Within hours, the White League controlled the entire city. The black state militia filtered out of the surrounded statehouse and were forcibly disarmed and disbanded by the League. Meanwhile, Kellogg and the remnants of his government remained safe in the Custom House. The White League quickly set about establishing the trappings of government, including an inauguration of McEnery and Penn. Aware that much would hinge upon public opinion, they also took care to avoid outrages like the Colfax Massacre, which had happened earlier in the year, and they were mostly successful in this endeavor. Around the nation, some newspapers decried the actions of the White League, but a great many applauded Kellogg’s overthrow. President Grant, however, was incensed and ordered the army to force the League to surrender. Not wishing conflict with the federal government, three days after the League’s victory, it handed control of the city to federal troops, who in turn gave control back to Kellogg.

Aftermath and Legacy

Despite failing to achieve its ultimate objective of regime change, the White League’s victory in the Battle of Liberty Place resulted in a key power shift in the state. The Metropolitan Police were irrevocably broken by the conflict, and the black state militia ceased to exist. Only the federal army kept Kellogg in power, and many of its soldiers were predisposed against the Republicans. Kellogg’s control in most of rural Louisiana had ceased entirely. Meanwhile, the White League not only went unpunished for its rebellion, it remained armed and continued to grow in New Orleans and elsewhere. As politicians negotiated the Compromise of 1877 in Washington, the White League under Ogden took control of the city, essentially ending Reconstruction in Louisiana and ensuring the victory of Francis T. Nicholls as governor in the election of 1876. After “redemption,” the White League became the official state militia.
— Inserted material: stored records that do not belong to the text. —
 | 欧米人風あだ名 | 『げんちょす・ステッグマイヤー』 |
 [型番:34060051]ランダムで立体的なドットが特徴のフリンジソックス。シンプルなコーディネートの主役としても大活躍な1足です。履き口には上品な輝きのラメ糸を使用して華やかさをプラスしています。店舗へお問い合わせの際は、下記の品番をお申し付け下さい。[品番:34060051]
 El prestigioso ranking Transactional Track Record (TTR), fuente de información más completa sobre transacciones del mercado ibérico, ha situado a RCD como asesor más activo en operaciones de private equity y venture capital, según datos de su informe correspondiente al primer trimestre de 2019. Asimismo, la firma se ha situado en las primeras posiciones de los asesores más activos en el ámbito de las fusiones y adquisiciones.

The battle also proved crucial for the generation of New Orleanians who took part. To say that one had fought at the Battle of Liberty Place conferred a sort of distinction that few other accomplishments could equal. Heavy participation by Mardi Gras royalty in the League renewed their claim to civic leadership. In 1891, the city installed the Liberty Monument at the foot of Canal Street to commemorate the White League dead, and annual wreath-laying ceremonies took place there until the start of World War I. In subsequent years, the monument became an increasingly powerful political symbol for white supremacy and took on new meaning as later generations tried to find metaphors for their own deeds in the military exploits of the White League.
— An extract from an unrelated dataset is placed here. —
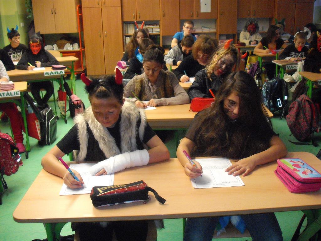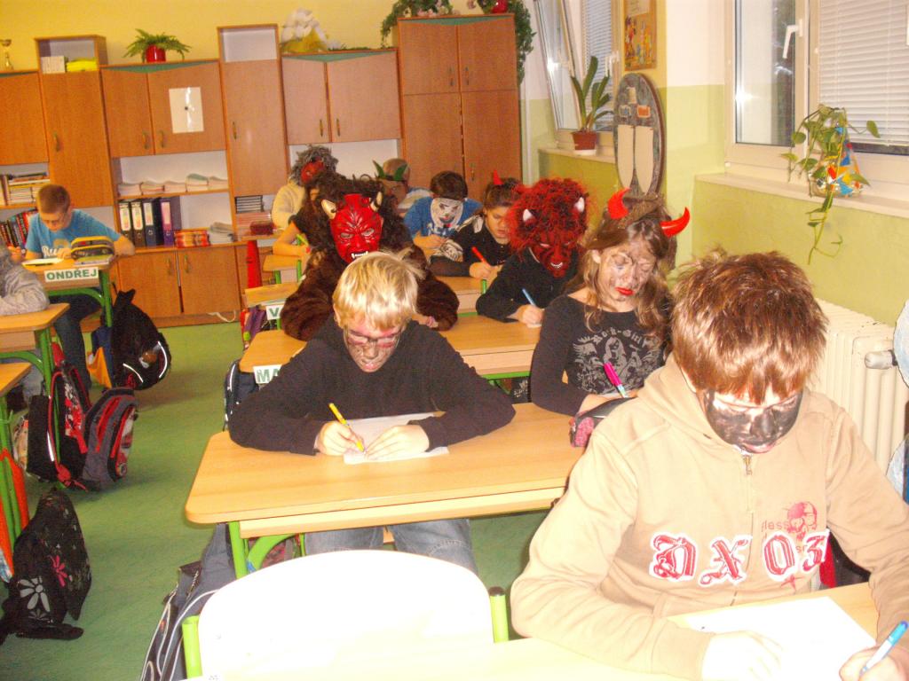 1.hodinu jsme psali pekelný matematický test o pekelných žertíkách.Taky jsme psali o sobě.

By the 1980s the Liberty Monument, along with all of the white supremacist language that had been added to it in the 1930s, had become a contentious issue. Renovations to the riverfront, along with political pressure, led to its temporary removal and an ensuing debate as to whether or not it should return to public view. Ultimately, the obelisk returned to an obscure corner of Iberville Street near the entrance to the Canal Place parking deck, a compromise location. The monument was removed by order of the City of New Orleans on April 24, 2017.